#### What to produce
Retype word for word the stretch of entries below from the line that has "Letzte Woche stürzte" through the line that has "Moisturizing Intensive Hair", and omit the pictures.

(Stored items from a collection)
::::

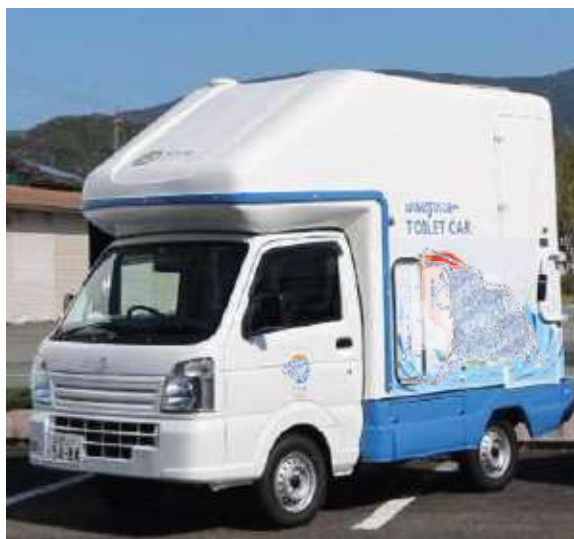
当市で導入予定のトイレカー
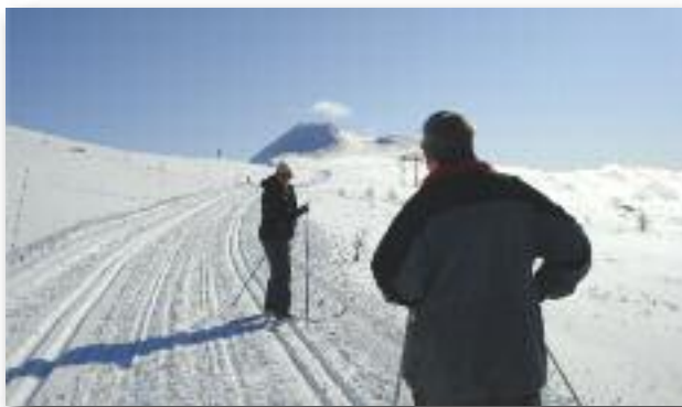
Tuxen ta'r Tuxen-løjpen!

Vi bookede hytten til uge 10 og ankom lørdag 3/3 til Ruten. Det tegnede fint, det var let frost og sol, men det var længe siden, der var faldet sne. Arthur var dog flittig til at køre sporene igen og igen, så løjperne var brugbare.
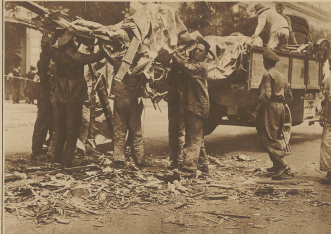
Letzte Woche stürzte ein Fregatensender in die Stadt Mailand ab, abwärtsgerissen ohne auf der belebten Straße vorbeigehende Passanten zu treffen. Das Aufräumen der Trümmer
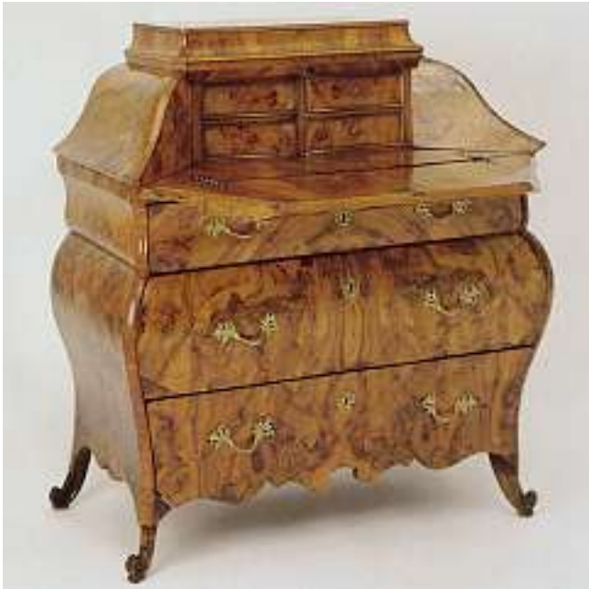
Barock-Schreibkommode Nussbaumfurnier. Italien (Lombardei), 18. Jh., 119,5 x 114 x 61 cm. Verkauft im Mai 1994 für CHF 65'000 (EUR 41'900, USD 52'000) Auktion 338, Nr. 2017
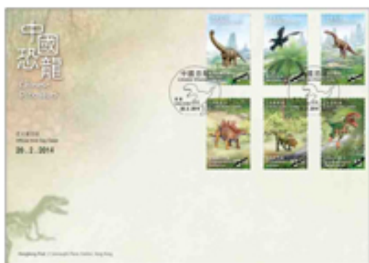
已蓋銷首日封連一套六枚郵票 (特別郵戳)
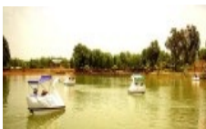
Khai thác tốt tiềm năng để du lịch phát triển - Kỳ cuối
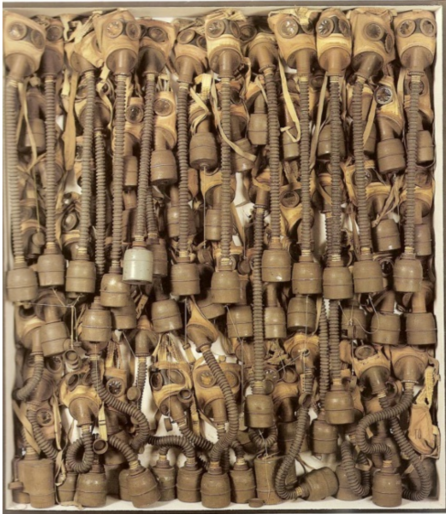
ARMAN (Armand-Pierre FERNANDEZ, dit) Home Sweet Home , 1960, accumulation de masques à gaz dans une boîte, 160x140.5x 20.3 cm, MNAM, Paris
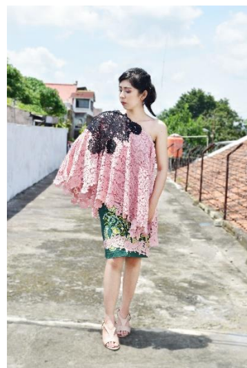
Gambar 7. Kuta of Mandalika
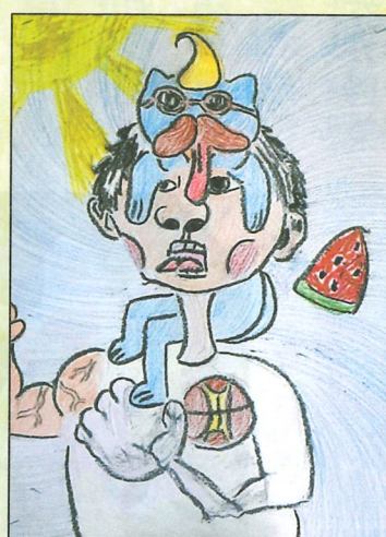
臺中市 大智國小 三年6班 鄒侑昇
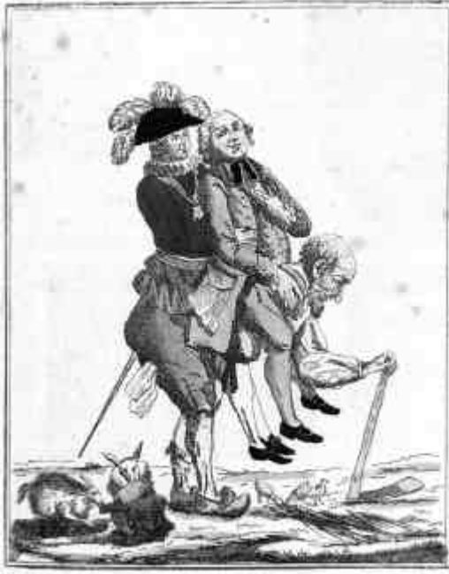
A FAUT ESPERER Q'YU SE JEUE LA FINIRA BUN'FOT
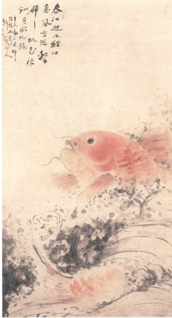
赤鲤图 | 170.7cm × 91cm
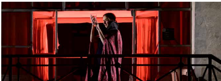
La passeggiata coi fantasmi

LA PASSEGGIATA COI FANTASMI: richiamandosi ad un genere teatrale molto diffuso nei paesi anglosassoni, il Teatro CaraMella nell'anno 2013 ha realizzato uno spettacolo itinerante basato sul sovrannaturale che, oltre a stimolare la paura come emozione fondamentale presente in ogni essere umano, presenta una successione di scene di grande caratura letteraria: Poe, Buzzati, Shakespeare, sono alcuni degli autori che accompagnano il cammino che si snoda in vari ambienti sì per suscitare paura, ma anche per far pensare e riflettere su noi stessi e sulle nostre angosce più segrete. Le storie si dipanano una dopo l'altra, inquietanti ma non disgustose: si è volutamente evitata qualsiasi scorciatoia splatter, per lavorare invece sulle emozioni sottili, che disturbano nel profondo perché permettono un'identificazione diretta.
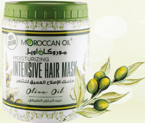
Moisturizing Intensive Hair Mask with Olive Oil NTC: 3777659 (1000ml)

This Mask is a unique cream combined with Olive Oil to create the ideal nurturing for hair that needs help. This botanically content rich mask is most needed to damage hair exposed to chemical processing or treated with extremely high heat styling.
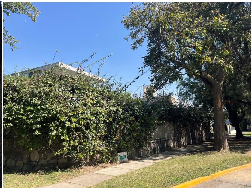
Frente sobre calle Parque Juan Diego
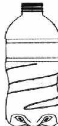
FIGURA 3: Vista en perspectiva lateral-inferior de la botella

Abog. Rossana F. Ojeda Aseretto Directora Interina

::::

#### Task output
Letzte Woche stürzte ein Fregatensender in die Stadt Mailand ab, abwärtsgerissen ohne auf der belebten Straße vorbeigehende Passanten zu treffen. Das Aufräumen der Trümmer
Barock-Schreibkommode Nussbaumfurnier. Italien (Lombardei), 18. Jh., 119,5 x 114 x 61 cm. Verkauft im Mai 1994 für CHF 65'000 (EUR 41'900, USD 52'000) Auktion 338, Nr. 2017
已蓋銷首日封連一套六枚郵票 (特別郵戳)
Khai thác tốt tiềm năng để du lịch phát triển - Kỳ cuối
ARMAN (Armand-Pierre FERNANDEZ, dit) Home Sweet Home , 1960, accumulation de masques à gaz dans une boîte, 160x140.5x 20.3 cm, MNAM, Paris
Gambar 7. Kuta of Mandalika
臺中市 大智國小 三年6班 鄒侑昇
A FAUT ESPERER Q'YU SE JEUE LA FINIRA BUN'FOT
赤鲤图 | 170.7cm × 91cm
La passeggiata coi fantasmi

LA PASSEGGIATA COI FANTASMI: richiamandosi ad un genere teatrale molto diffuso nei paesi anglosassoni, il Teatro CaraMella nell'anno 2013 ha realizzato uno spettacolo itinerante basato sul sovrannaturale che, oltre a stimolare la paura come emozione fondamentale presente in ogni essere umano, presenta una successione di scene di grande caratura letteraria: Poe, Buzzati, Shakespeare, sono alcuni degli autori che accompagnano il cammino che si snoda in vari ambienti sì per suscitare paura, ma anche per far pensare e riflettere su noi stessi e sulle nostre angosce più segrete. Le storie si dipanano una dopo l'altra, inquietanti ma non disgustose: si è volutamente evitata qualsiasi scorciatoia splatter, per lavorare invece sulle emozioni sottili, che disturbano nel profondo perché permettono un'identificazione diretta.
Moisturizing Intensive Hair Mask with Olive Oil NTC: 3777659 (1000ml)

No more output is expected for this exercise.